2025年8月5日(火)に東京ビッグサイトで開催されました「Google Cloud Next Tokyo 2025」に参加しました。
この記事はそのイベントで行われたセッション「Agentspace 活用を目指すお客様を全方位で支援するソフトバンク」のレポートです。
セッション概要
登壇者
ソフトバンク株式会社
- 法人統括 法人事業戦略本部 法人ビジネス推進第2統括部 データ・クラウドビジネス推進部 部長 深堀 菜生 様
- テクノロジーユニット統括 共通プラットフォーム開発本部 エンタープライズクラウド開発第2統括部 クラウド技術部 部長 加藤 靖之 様
公式ページより引用
ソフトバンクはお客様のAI活用ステップに寄り添って、デジタル化からデータ連携、AI導入、AI定着化まで幅広くご支援してまいりました。そして今、当社はAgentspace Onboarding パートナーとなり、さらなるAI活用を目指すお客様へ新たなサービスをご提供する予定です。本セッションでは、Agentspaceの技術検証の実態から見える課題や今後の展望を交えながら、実際のお客様とのAgentspace導入および活用の取り組みを具体的にご紹介いたします。
セッション内容
Agentspaceの現状と可能性
セッションでは、まずAgentspaceの現在の機能と技術検証の結果が共有されました。
Google Workspace(ドライブなど)との連携は比較的安定して動作しています。一方で、サードパーティ製品との連携には一部不安定な点が見られるほか、テキスト内に含まれる表の正確な読み取りなど、いくつかの課題も残っているようです。ソフトバンク社はオンボーディングパートナーとして、検証で明らかになった課題や改善要望をGoogle社にフィードバックしているとのことです 。
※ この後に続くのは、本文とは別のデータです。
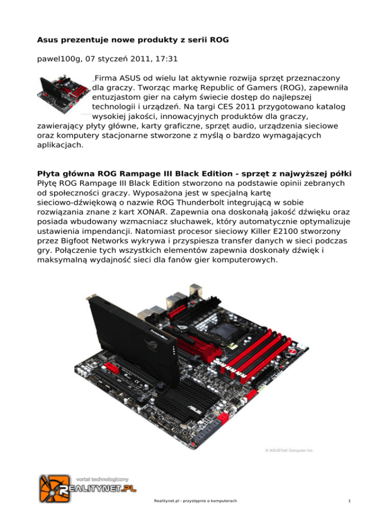 Asus prezentuje nowe produkty z serii ROG pawel100g, 07 styczeń 2011, 17:31 Firma ASUS od wielu lat aktywnie rozwija sprzęt przeznaczony dla graczy. Tworząc markę Republic of Gamers (ROG), zapewniła entuzjastom gier na całym świecie dostęp do najlepszej technologii i urządzeń. Na targi CES 2011 przygotowano katalog wysokiej jakości, innowacyjnych produktów dla graczy, zawierający płyty główne, karty graficzne, sprzęt audio, urządzenia sieciowe oraz komputery stacjonarne stworzone z myślą o bardzo wymagających aplikacjach. Płyta główna ROG Rampage III Black Edition - sprzęt z najwyższej półki Płytę ROG Rampage III Black Edition stworzono na podstawie opinii zebranych od społeczności graczy. Wyposażona jest w specjalną kartę sieciowo-dźwiękową o nazwie ROG Thunderbolt integrującą w sobie rozwiązania znane z kart XONAR. Zapewnia ona doskonałą jakość dźwięku oraz posiada wbudowany wzmacniacz słuchawek, który automatycznie optymalizuje ustawienia impendancji. Natomiast procesor sieciowy Killer E2100 stworzony przez Bigfoot Networks wykrywa i przyspiesza transfer danych w sieci podczas gry. Połączenie tych wszystkich elementów zapewnia doskonały dźwięk i maksymalną wydajność sieci dla fanów gier komputerowych. Realitynet.pl - przystępnie o komputerach 1 Karta graficzna HD 6870 DirectCU - zwiększona wydajność grafiki Zoptymalizowana do pracy z DirectX 11 karta graficzna ASUS HD 6870 DirectCU to połączenie wydajnego procesora graficznego AMD i ekskluzywnych technologii, które sprawiają, że karta uzyskuje znacznie wyższe osiągi, niż konstrukcje referencyjne. W karcie zastosowano technologię Super Alloy Power - specjalny stop, z którego wykonane są najważniejsze komponenty odpowiedzialne za zasilanie, takie jak dławiki, kondensatory i tranzystory. ASUS HD 6870 DirectCU to doskonały akcelerator graficzny dla wielbicieli gier i przetaktowywania - zapewnia o 15%* wyższe osiągi i 2,4-krotnie* dłuższą żywotność, niż rozwiązania referencyjne. Ekskluzywne rozwiązanie DirectCU firmy ASUS składa się z miedzianych przewodów cieplnych bezpośrednio stykających się z procesorem graficznym. Zapewnia nawet o 20%* niższą temperaturę pracy, niż konstrukcje referencyjne. Karta jest również wyposażona w technologię Voltage Tweak, ułatwiającą użytkownikom zmianę napięć zasilania, co pozytywnie wpływa na pomyślny overclocking, a tym samym zwiększenie wydajności karty. Realitynet.pl - przystępnie o komputerach 2 Słuchawki ROG Vulcan ANC - doskonały dźwięk podczas gry Gracze od dawna szukali słuchawek, które doskonale sprawdzałyby się we wszystkich rodzajach gier komputerowych. Vulcan ANC to pierwsze na świecie słuchawki, w których zastosowano technologię Active Noise Cancellation, dzięki czemu zapewniają 85-procentową aktywną redukcję szumów oraz pasywną redukcję hałasu o 30dB. Lekkie i ergonomiczne słuchawki wykonano ze specjalnej pianki, która dostosowuje się i zapamiętuje kształt głowy, dzięki czemu gracze mogą bez problemu korzystać z nich podczas bardzo długich sesji gier. W słuchawkach Vulcan zastosowano duże, 40-milimetrowe głośniki, które zapewniają dźwięk o bardzo wysokiej rozdzielczości i silne basy, natomiast dzięki wszechkierunkowemu mikrofonowi z redukcją szumów gracz ma pewność, że gdy mówi, słychać tylko jego głos. Realitynet.pl - przystępnie o komputerach 3 Dwupasmowy router RT-N66U - ultraszybkie połączenie i eliminacja spowolnień w grach online Bezprzewodowy, dwupasmowy router RT-N66U firmy ASUS zapewnia superszybkie połączenia - do 450Mbps na każde pasmo. Pracuje na częstotliwościach 2,4GHz oraz 5GHz i obsługuje do 300 000 jednoczesnych sesji transferu danych - to 20 razy więcej, niż typowy router. RT-N66U to doskonały wybór dla graczy. Jego przepustowość eliminuje lagi i zapewnia prawdziwą wielozadaniowość - użytkownicy mogą jednocześnie pobierać pliki i jednocześnie grać bez ryzyka wystąpienia problemów z połączeniem, które są typowe dla najpopularniejszych routerów. Realitynet.pl - przystępnie o komputerach 4 RT-N66U wyposażono w sprzętową obsługę NAT, która optymalizuje pracę systemu dzięki zmniejszeniu obciążenia procesora oraz gigabitowe porty Ethernet, obsługujące połączenia 1Gbps. Komputer stacjonarny CG8350 - doskonałe rozwiązanie do gier ASUS CG8350 łączy w sobie wszystko, co czyni z komputera stacjonarnego doskonałą platformę do gier - świetne osiągi, doskonałej jakości sprzęt, duże możliwości rozbudowy i łatwą dostępność do poszczególnych elementów. Wyposażono go w procesor Intel ‘Sandy Bridge’ Core i7-2600 i technologię Turbo Boost 2.0, umożliwiającą natychmiastowe przetaktowywanie. Za grafikę odpowiedzialna jest kompatybilna z DirectX 11 karta graficzna ASUS GTX 460 oparta na technologii ‘Fermi’ firmy NVIDIA. To ogromne możliwości dla graczy w przystępnej cenie. W płycie głównej komputera CG8350 zastosowano wysokiej jakości, wytrzymałe kondensatory, które zwiększają stabilność, żywotność i niezawodność komputera. Posiada też moduł Energy Processing Unit (EPU), który optymalizuje zużycie energii całego systemu. Standard USB 3.0 umożliwia nawet 10-krotnie szybszy transfer danych, niż stosowany do tej pory USB 2.0. Realitynet.pl - przystępnie o komputerach 5 Wszystkie te produkty pokazują, jak bardzo firma ASUS oddana jest idei zwiększania możliwości gier komputerowych. * Rzeczywiste osiągi mogą się różnić w zależności od konfiguracji systemu i innych warunków. Realitynet.pl - przystępnie o komputerach 6

発展途上の部分はありつつも、日々の業務で使うツールであるGoogleサービスとの連携が安定している点は心強いと感じました。
業務課題を解決する2つのユースケース
次に、Agentspaceの具体的な活用イメージとして、多くの企業で共通するであろう2つの業務課題の事例が紹介されました。
進捗報告の自動化
各担当者が個別に作成している進捗報告を、マネージャーがAgentspaceに尋ねるだけで自動で集約・要約してくれます。これにより、メンバーは報告資料の作成に時間を割かれることなく本来の業務に集中でき、マネージャーはリアルタイムに進捗を把握できます。
問い合わせ業務の効率化
複数の担当者がそれぞれ対応している類似の問い合わせ業務を、Agentspaceに委譲します。これにより、属人化しがちな問い合わせ対応を標準化し、担当者の負担を大幅に削減します。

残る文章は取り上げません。